Scientific classification
- Kingdom: Animalia
- Phylum: Chordata
- Class: Aves
- Order: Passeriformes
- Family: Thamnophilidae
- Genus: Epinecrophylla
- Species: E. spodionota
- Binomial name: Epinecrophylla spodionota (Sclater, PL & Salvin, 1880)
- Subspecies: See text
- Synonyms: Myrmotherula spodionota

= Foothill stipplethroat =

- Genus: Epinecrophylla
- Species: spodionota
- Authority: (Sclater, PL & Salvin, 1880)
- Conservation status: LC
- Synonyms: Myrmotherula spodionota

Species of bird

The foothill stipplethroat (Epinecrophylla spodionota), previously called the foothill antwren, is a species of bird in subfamily Thamnophilinae of family Thamnophilidae, the "typical antbirds". It is found in Colombia, Ecuador, and Peru.

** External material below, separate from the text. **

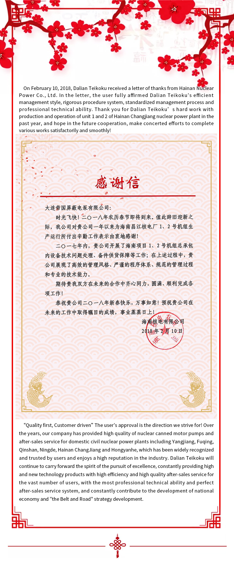 Dalian Teikoku’s professional technical ability and management system have been highly praised by the users of Hainan nuclear power

==Taxonomy and systematics==

The foothill stipplethroat was described by the English ornithologists Philip Sclater and Osbert Salvin in 1880 and given the binomial name Myrmotherula spodionota. Based on genetic and vocal studies it and seven other members of that genus were moved to the newly created genus Epinecrophylla. All were eventually named "stipplethroats" to highlight a common feature and to set them apart from Myrmotherula antwrens.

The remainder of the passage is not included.